── PROVIDED DATA

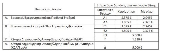1. Τα ετήσια όρια δαπάνης, που θα καταβάλλονται από την Ε.Ε.Τ.Α.Α., ανά κατηγορία Δομής (Α, Β, Γ, Δ) και ανά κατηγορία θέσης αυτών (Α1, Α2, Β1, Β2, Β3, Γ, Δ), που θα καλυφθούν και για το σύνολο των παρεχόμενων υπηρεσιών, διαμορφώνονται ως εξής:
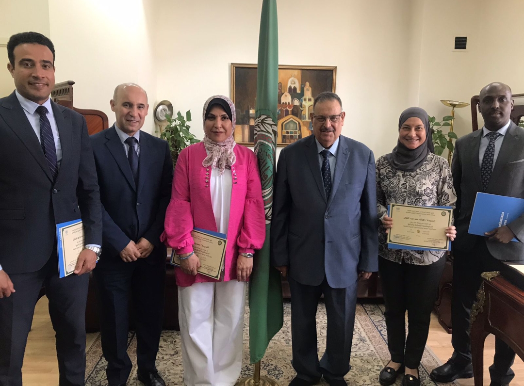 سلم السفير خليل إبراهيم الذوادي الأمين العام المساعد رئيس قطاع الشؤون العربية والأمن القومي لدى جامعة الدول العربية شهادات المشاركة في ورشة حول ” أسس الدبلوماسية الإنسانية والإطار القانوني المنظم لها ، وكيفية التعاون مع البيانات المعقدة ذات الطابع الإنساني ” لعدد من موظفي القطاع وبحضور المدراء المعنيين .
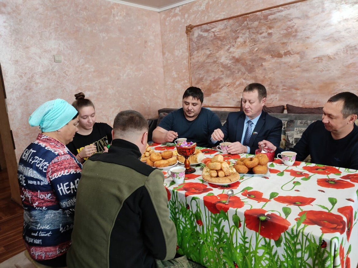 Военнослужащий вернулся в родное село Каркали Лениногорского района на несколько дней, чтобы оформить документы на подаренный автомобиль, уладить все формальности, а потом вернуться к сосолуживцам. Также боец успел повидаться с родными и близкими. Дома его встречали за щедро накрытым столом.

────

Find the line with "سلم السفير خليل". Return it and each line after it through the end of the data, exactly, without pictures.

▸ **TASK RESULT**:
 سلم السفير خليل إبراهيم الذوادي الأمين العام المساعد رئيس قطاع الشؤون العربية والأمن القومي لدى جامعة الدول العربية شهادات المشاركة في ورشة حول ” أسس الدبلوماسية الإنسانية والإطار القانوني المنظم لها ، وكيفية التعاون مع البيانات المعقدة ذات الطابع الإنساني ” لعدد من موظفي القطاع وبحضور المدراء المعنيين .
 Военнослужащий вернулся в родное село Каркали Лениногорского района на несколько дней, чтобы оформить документы на подаренный автомобиль, уладить все формальности, а потом вернуться к сосолуживцам. Также боец успел повидаться с родными и близкими. Дома его встречали за щедро накрытым столом.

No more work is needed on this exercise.